Behind the mic: alternative foods saving the planet one bite at a time

Discovery Matters
Discovery Matters
Published in
6 min readMay 27, 2022

Food production systems account for over one-third of global greenhouse gas emissions according to the United Nations.[1] Industrial meat production, overfishing, trawling, destruction of rainforests, and draining of water resources, are just some of the environmental effects linked to food production and harvesting.

Behavior changes in food consumption are indeed a solution, however meat-lovers would say they miss the feeling of biting into a savory steak.[2] What if there were alternatives that tasted and had the same texture as meat, or seafood, or chocolate?

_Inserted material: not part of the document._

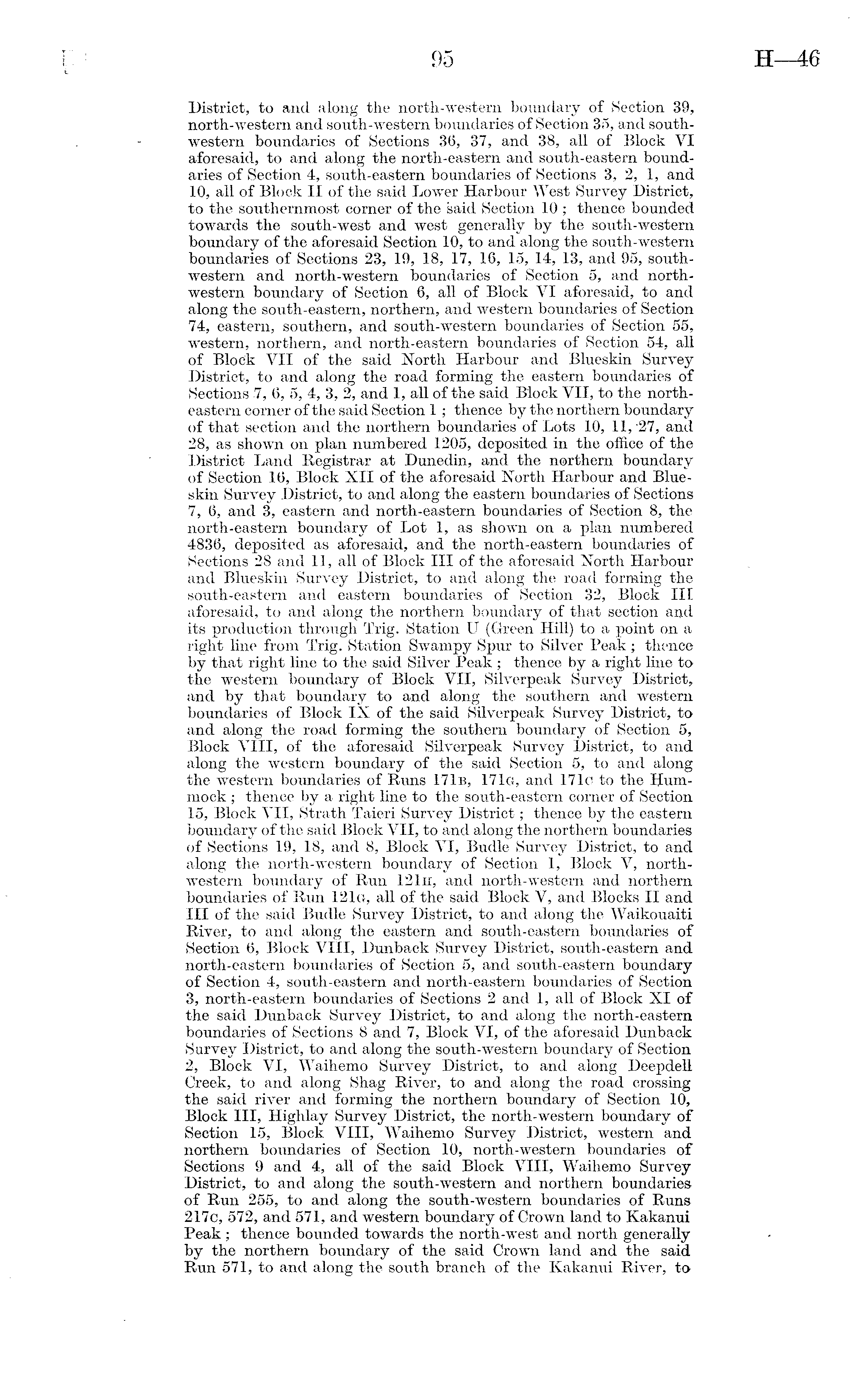 District, to and along the north-western boundary of Section 39, north-western and south-western boundaries of Section 35, and southwestern boundaries of Sections 36, 37, and 38, all of Block VI aforesaid, to and along the north-eastern and south-eastern boundaries of Section 4, south-eastern boundaries of Sections 3, 2, 1, and 10, all of Block II of the said Lower Harbour West Survey District, to the southernmost corner of the said Section 10 ; thence bounded towards the south-west and west generally by the south-western boundary of the aforesaid Section 10, to and along the south-western boundaries of Sections 23, 19, 18, 17, 16, 15, 14, 13, and 95, southwestern and north-western boundaries of Section 5, and northwestern boundary of Section 6, all of Block VI aforesaid, to and along the south-eastern, northern, and western boundaries of Section 74, eastern, southern, and south-western boundaries of Section 55, western, northern, and north-eastern boundaries of Section 54, all of Block VII of the said North Harbour and Blueskin Survey District, to and along the road forming the eastern boundaries of Sections 7, 6, 5, 4, 3, 2, and 1, all of the said Block VII, to the northeastern corner of the said Section 1 ; thence by the northern boundary of that section and the northern boundaries of Lots 10, 11, "27, and 28, as shown on plan numbered 1205, deposited in the office of the District Land Registrar at Dunedin, and the northern boundary of Section 16, Block XII of the aforesaid North Harbour and Blueskin Survey District, to and along the eastern boundaries of Sections 7, 6, and .3, eastern and north-eastern boundaries of Section 8, the north-eastern boundary of Lot 1, as shown on a plan numbered 4836, deposited as aforesaid, and the north-eastern boundaries of Sections 28 and 11, all of Block 111 of the aforesaid North Harbour and Blueskin Survey District, to and along the road forming the south-eastern and eastern boundaries of Section 32, Block 111 aforesaid, to and along the northern boundary of that section and its production through Trig. Station U (Green Hill) to a point on a right line from Trig. Station Swampy Spur to Silver Peak; thence by that right line to the said Silver Peak ; thence by a right line to the western boundary of Block VII, Silverpeak Survey District, and by that boundary to and along the southern and western boundaries of Block IX of the said Silverpeak Survey District, to and along the road forming the southern boundary of Section 5, Block VIII, of the aforesaid Silverpeak Survey District, to and along the western boundary of the said Section 5, to and along the western boundaries of Runs 171b, 171g, and 171 c to the Hummock ; thence by a right line to the south-eastern corner of Section 15, Block VII, Strath Taieri Survey District; thence by the eastern boundary of the said Block VII, to and along the northern boundaries of Sections 19, 18, and 8, Block VI, Budle Survey District, to and along the north-western boundary of Section 1, Block V, northwestern boundary of Run 121 h, and north-western and northern boundaries of Run 121g, all of the said Block V, and Blocks II and 111 of the said Budle Survey District, to and along the Waikouaiti River, to and along the eastern and south-eastern boundaries of Section 6, Block VIII, Dunback Survey District, south-eastern and north-eastern boundaries of Section 5, and south-eastern boundary of Section 4, south-eastern and north-eastern boundaries of Section 3, north-eastern boundaries of Sections 2 and 1, all of Block XI of the said Dunback Survey District, to and along the north-eastern boundaries of Sections 8 and 7, Block VI, of the aforesaid Dunback Survey District, to and along the south-western boundary of Section 2, Block VI, Waihemo Survey District, to and along Deepdell Creek, to and along Shag River, to and along the road crossing the said river and forming the northern boundary of Section 10, Block 111, Highlay Survey District, the north-western boundary of Section 15, Block VIII, Waihemo Survey District, western and northern boundaries of Section 10, north-western boundaries of Sections 9 and 4, all of the said Block VIII, Waihemo Survey District, to and along the south-western and northern boundaries of Run 255, to and along the south-western boundaries of Runs 217 c, 572, and 571, and western boundary of Crown land to Kakanui Peak ; thence bounded towards the north-west and north generally by the northern boundary of the said Crown land and the said Run 571, to and along the south branch of the Kakanui River, to

On our podcast Discovery Matters, across two episodes, we had the pleasure to speak to individuals from companies creating food sources using alternative production methods that can be both beneficial to your health and the environment.

The “magic” ingredient is fungi

Mycoprotein is protein derived from fungi for human consumption. No, we’re not going to tell you about magic mushrooms. Quorn has used mycoprotein to make meat-free products that can replace our tradition home favourites.

Quorn is made from Fusarium venenatum which was found inside a compost heap, in a tiny village in England in 1967, and by the 1980s Quorn was given permission to sell this mycoprotein for human consumption.

Tim Finnigan explained on Discovery Matters that the process of making Quorn involves fermentation:

“So, they get to a certain sort of gross concentration and then they get put into the ferment, which is about 160 to 160 000 liters. […Then] it enters this other batch phase where it grows quite happily for about four or five days and quite rapidly, actually up to a kind of concentration. And I think here is where the engineering magic happens, because not only is that done under very sterile conditions, because you don’t want anything else in there, but we are then able to hold it at that point of maximum growth and harvest at the same rate that it grows, and we can do that for something like 35 days.”

According to the Quorn Footprint Comparison Report, producing mycoprotein takes 95% less CO², than typical beef mince, making it a more sustainable and nutritious protein source for a growing global population.[3] How about a Christmas Quorn treat rather than mince pie? (there’s a comment here that you could do better than me)

So, the rapid growth of mycoprotein, combined with the environmental benefits, means that this is an amazing alternative to meat production.

As one Quorn advert says, let’s make sure we are ‘Helping The Planet One Bite At A Time’.[4]

Cell-cultured: a new way to seafood

Populations of marine species are half what they were in 1970, and are plagued with issues such as overfishing, illegal fishing, the effects of trawling, and lowering fish stocks. One company, BlueNalu, based in San Diego, California, aims to provide a new source of healthy and sustainable seafood by creating fish fillets directly from the cells of fish via a process known as cell-culture.

Dr Lauren Madden, chief technology officer at BlueNalu, told us on the podcast that while the number of endangered marine species is increasing, but the demand is also increasing. So, how do you provide enough seafood to feed our growing population that meets the sensory experience that consumers expect without continuing to overfish the animal and put pressure on those fish stocks?

BlueNalu believe they have found the solution. They derive all of the seafood cell-cultures in-house using a series of proprietary methods to extract and culture the precursor cells. These cells are then fed the same salts, lipids, fats and amino acids that they would experience in the wild and formed into fillets, resulting a product that is 100% yield, mercury and microplastic free, and genetically identical to the seafood you consume today.

According to Dr Madden: “the idea is to generate really stable, robust cell lines that can be grown out, expanded, and — typical to a manufacturing process — frozen down into cell banks. So, we do not have to go back to the fish.”

As consumers continue to shift from red meat to seafood for its nutritional benefits Dr Madden highlighted some of the concerns with the current seafood supply and why BlueNalu’s cell-cultured seafood is an advantageous alternative.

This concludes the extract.